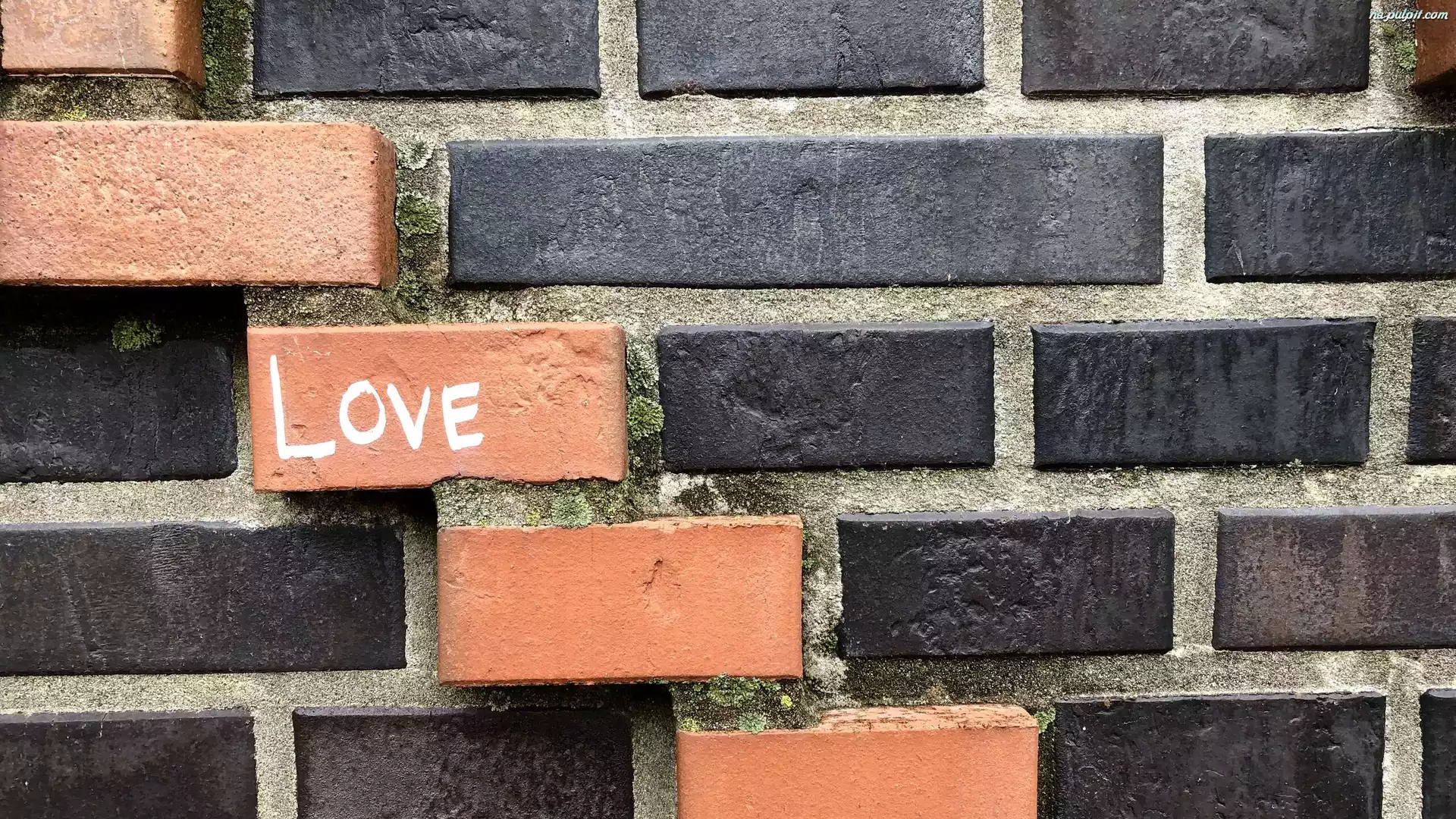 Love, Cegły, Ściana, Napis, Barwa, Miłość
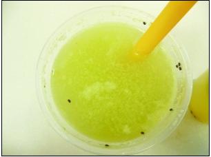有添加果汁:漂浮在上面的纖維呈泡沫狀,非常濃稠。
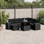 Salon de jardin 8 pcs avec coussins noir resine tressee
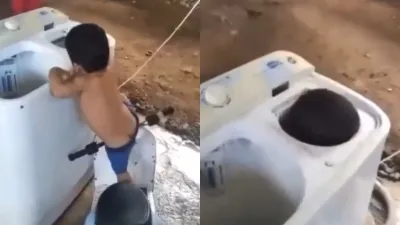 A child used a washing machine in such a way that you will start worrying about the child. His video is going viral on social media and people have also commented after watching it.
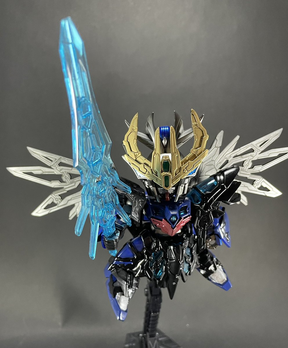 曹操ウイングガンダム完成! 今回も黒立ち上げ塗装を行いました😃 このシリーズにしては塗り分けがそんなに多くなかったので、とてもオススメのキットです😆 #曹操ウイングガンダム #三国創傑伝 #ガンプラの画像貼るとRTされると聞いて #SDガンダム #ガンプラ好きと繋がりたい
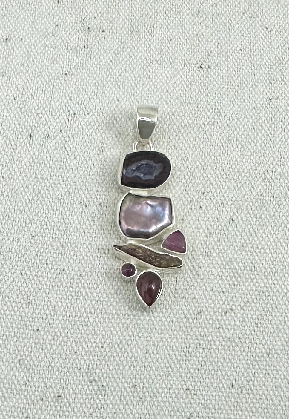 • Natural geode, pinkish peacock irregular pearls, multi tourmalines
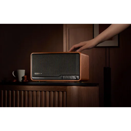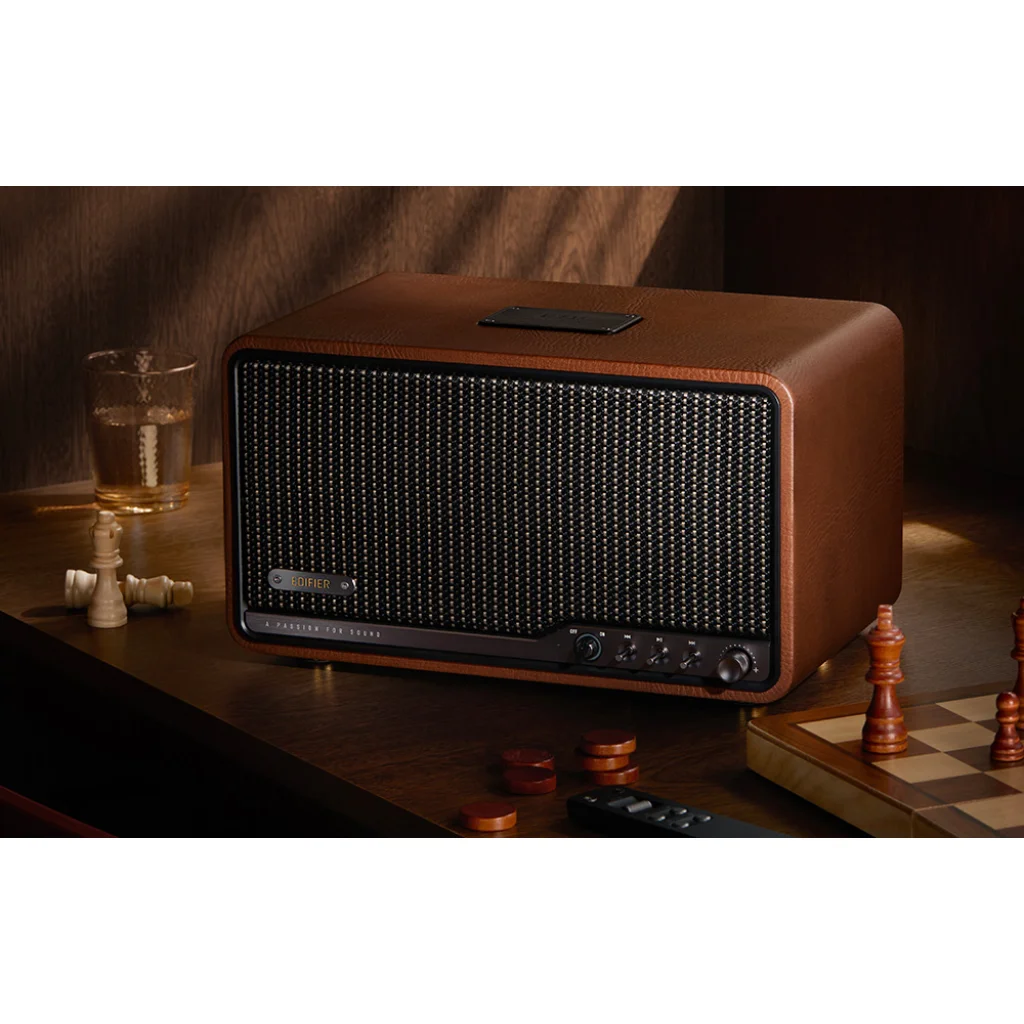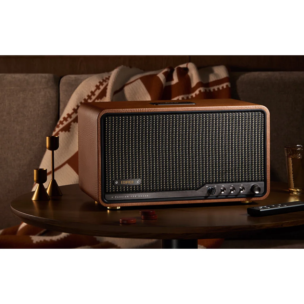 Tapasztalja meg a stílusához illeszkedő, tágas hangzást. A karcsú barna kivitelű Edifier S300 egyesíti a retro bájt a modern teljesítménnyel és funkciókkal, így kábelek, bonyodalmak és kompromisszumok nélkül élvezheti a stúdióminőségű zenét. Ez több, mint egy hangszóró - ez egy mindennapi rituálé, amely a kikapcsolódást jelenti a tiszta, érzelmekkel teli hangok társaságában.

» AIM OF THE EXERCISE
Each record must appear again exactly as written above, without its pictures.

» REPLY TO THE TASK
 Love, Cegły, Ściana, Napis, Barwa, Miłość
有添加果汁:漂浮在上面的纖維呈泡沫狀,非常濃稠。
 Salon de jardin 8 pcs avec coussins noir resine tressee
 A child used a washing machine in such a way that you will start worrying about the child. His video is going viral on social media and people have also commented after watching it.
 曹操ウイングガンダム完成! 今回も黒立ち上げ塗装を行いました😃 このシリーズにしては塗り分けがそんなに多くなかったので、とてもオススメのキットです😆 #曹操ウイングガンダム #三国創傑伝 #ガンプラの画像貼るとRTされると聞いて #SDガンダム #ガンプラ好きと繋がりたい
 • Natural geode, pinkish peacock irregular pearls, multi tourmalines
 Tapasztalja meg a stílusához illeszkedő, tágas hangzást. A karcsú barna kivitelű Edifier S300 egyesíti a retro bájt a modern teljesítménnyel és funkciókkal, így kábelek, bonyodalmak és kompromisszumok nélkül élvezheti a stúdióminőségű zenét. Ez több, mint egy hangszóró - ez egy mindennapi rituálé, amely a kikapcsolódást jelenti a tiszta, érzelmekkel teli hangok társaságában.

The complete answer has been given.